Does the "per fixture" price method allow for various types of layouts, size of bathrooms, distance between bathrooms, and distance from downstairs plumbing? Talk of per fixture or per fot prices always make me think something crucial is being left out of the formula.


----------



## ShtRnsdownhill (Jan 13, 2016)

czplumbing said:


> what I mean is when you get a set of plans and lets say there are two bathrooms, each have toilet, sink, shower three fixtures in each a total of six fixtures in all and they are on the 2nd floor , so there will be drops needed, are your fixture price including the drops or give your fixture price and also put in labor and material needed to do the drops


I will ask contractor( if steady customer) if I can take a look at the job( if home owner or new contractor, I have to look), if big enough, that there could be BIG pricing differences on how piping has to be installed, and ill ask about where I can run piping from existing plumbing to new plumbing area, and each job has differences, there is no 1 size pricing fits all...unless its a new house from scratch, then the job is big enough that you can build a little fudge factor in...I wont go out of my way to look at a simple bathroom redo or say moving a kitchen sink a few feet..but I always try to cover my a$$ with telling them, if I cant see the job to price..there could be extras...


----------



## dragit (Jan 16, 2015)

I use the Fastpipe software when bidding new construction or major remodels. Each fixture has a labor rate (and that's just setting the fixture), your drops/risers and such are totally separate.


----------



## Plumbus (Aug 4, 2008)

Draw up layout, do a material take off, then do a labor take off. 
If it's a remodel, visit the site to familiarize yourself with existing conditions. Architects miss a lot of details. And, the devil is in the details. No short cuts. Estimating this type of work is labor intensive, even with bidding software.


----------



## paultheplumber1 (May 1, 2014)

For me I use the per fixture price as a general ballpark #. That number includes all piping, flanges, stops ect inside the envelope of the house. This price does not include fixtures. I will ask if they want a fixture allowance and if so it's a seperate price.
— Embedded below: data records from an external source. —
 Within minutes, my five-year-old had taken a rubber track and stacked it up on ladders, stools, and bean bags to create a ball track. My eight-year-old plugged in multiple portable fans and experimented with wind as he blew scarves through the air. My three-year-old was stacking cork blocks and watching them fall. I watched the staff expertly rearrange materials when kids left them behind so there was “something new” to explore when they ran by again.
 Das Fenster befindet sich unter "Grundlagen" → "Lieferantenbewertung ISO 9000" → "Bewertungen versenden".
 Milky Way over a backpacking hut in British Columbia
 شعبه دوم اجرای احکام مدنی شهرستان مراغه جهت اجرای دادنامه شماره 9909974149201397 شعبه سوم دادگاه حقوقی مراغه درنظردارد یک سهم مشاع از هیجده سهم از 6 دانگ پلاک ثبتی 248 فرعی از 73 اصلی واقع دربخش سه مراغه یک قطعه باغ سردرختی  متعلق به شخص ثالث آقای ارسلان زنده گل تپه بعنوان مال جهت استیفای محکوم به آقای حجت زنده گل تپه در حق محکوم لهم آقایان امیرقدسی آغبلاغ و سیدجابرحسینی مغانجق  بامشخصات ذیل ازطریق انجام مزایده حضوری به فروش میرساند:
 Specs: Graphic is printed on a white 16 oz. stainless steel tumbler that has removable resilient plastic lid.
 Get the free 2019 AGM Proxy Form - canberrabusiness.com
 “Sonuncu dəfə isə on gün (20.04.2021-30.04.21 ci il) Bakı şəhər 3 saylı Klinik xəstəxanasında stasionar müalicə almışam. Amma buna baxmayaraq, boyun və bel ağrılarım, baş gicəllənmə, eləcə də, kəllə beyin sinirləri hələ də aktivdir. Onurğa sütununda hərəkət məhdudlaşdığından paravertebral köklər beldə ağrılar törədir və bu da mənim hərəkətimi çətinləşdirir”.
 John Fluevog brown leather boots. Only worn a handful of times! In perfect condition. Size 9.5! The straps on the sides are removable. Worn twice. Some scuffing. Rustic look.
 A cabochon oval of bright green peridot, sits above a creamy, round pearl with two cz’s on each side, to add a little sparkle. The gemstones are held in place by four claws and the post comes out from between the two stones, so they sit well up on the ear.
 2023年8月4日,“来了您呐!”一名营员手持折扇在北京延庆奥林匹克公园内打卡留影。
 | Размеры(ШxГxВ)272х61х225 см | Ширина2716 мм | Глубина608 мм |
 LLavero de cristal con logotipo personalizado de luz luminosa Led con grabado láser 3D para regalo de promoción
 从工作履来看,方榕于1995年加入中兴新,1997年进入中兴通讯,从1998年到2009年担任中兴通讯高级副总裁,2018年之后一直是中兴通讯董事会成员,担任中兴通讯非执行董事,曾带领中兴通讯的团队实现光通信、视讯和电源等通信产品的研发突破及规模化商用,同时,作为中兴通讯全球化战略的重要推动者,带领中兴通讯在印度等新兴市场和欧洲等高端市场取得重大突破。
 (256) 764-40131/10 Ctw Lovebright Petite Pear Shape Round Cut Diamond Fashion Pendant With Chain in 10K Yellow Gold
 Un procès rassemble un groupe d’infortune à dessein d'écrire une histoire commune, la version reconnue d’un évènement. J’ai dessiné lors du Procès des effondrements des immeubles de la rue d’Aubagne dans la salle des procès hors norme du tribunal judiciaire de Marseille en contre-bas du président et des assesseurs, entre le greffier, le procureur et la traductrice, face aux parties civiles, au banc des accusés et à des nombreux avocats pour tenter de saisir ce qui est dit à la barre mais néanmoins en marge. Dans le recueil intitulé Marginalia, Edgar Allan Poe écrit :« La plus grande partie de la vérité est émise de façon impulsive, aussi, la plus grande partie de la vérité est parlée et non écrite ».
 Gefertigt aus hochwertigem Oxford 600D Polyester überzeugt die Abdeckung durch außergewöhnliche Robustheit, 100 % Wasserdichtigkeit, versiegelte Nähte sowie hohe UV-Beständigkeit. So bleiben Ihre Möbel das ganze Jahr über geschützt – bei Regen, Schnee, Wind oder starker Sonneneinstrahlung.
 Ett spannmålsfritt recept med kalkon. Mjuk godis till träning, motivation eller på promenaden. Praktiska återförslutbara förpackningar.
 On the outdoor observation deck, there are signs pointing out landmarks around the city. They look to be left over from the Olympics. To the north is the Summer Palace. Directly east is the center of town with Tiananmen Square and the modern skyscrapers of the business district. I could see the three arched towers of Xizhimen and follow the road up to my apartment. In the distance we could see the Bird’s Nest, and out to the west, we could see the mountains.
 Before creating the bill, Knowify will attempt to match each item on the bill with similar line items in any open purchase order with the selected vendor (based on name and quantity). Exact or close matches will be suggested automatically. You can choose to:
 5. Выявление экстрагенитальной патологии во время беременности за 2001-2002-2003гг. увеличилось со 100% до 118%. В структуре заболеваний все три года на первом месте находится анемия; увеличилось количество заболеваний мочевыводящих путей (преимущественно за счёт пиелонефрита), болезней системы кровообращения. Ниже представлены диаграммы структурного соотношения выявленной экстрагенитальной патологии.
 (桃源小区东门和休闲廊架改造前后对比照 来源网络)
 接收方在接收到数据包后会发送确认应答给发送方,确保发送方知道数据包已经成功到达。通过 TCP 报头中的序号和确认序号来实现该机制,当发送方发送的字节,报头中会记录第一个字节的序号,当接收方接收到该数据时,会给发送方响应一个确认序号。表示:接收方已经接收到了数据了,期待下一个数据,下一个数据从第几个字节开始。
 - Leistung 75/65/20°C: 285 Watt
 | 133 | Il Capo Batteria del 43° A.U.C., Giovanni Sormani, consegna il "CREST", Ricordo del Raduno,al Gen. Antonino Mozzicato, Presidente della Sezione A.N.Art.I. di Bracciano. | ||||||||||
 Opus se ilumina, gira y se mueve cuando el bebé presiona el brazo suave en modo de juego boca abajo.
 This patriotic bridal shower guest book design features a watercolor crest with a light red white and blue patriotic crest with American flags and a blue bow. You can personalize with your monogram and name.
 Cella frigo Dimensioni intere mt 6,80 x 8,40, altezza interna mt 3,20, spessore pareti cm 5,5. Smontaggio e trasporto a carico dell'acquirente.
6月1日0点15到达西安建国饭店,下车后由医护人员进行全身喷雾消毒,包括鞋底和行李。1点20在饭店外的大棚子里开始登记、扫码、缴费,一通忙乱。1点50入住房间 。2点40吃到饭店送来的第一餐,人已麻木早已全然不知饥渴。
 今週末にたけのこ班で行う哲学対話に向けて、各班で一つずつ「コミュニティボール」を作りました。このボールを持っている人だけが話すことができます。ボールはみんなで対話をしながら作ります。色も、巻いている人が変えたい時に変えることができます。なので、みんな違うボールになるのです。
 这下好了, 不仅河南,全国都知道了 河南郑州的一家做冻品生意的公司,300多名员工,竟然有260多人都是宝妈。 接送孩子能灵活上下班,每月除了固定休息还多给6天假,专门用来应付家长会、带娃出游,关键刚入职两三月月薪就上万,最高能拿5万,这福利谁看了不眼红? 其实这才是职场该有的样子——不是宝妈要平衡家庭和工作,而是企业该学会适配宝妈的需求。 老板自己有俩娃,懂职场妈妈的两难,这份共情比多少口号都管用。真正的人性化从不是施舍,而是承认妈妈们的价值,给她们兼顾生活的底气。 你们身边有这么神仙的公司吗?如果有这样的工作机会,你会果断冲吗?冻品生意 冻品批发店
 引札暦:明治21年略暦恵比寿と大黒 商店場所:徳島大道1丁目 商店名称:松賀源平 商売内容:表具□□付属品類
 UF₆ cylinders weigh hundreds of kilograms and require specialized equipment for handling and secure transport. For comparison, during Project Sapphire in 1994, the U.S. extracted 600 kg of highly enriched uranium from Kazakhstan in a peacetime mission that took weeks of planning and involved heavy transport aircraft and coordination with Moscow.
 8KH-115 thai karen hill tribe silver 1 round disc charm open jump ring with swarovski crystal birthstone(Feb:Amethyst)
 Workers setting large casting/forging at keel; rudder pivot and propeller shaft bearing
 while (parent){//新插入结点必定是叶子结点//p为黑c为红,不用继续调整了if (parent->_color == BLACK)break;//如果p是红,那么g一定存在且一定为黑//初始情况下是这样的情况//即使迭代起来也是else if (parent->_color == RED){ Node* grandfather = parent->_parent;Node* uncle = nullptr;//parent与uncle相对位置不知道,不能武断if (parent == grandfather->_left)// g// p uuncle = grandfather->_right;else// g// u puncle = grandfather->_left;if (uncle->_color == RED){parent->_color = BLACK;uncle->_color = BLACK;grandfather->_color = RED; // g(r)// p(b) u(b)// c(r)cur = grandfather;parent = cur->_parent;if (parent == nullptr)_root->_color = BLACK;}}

More and more frequently the customers and contractors are buying there own fixtures anyway.


----------



## Piper34 (Oct 10, 2011)

I do it both ways to ck myself .per fix and then time and material plus p&o per fix seems to usually be low ,how can piping a whirlpool be the same as a lavatory .ice maker and dw in kit usually a1/2 fix . Fig rough mat cost plus days figured for crew is best and I usually fig heavy everybody forgets something and everything looks like it's gonna go quicker than it does. good luck


----------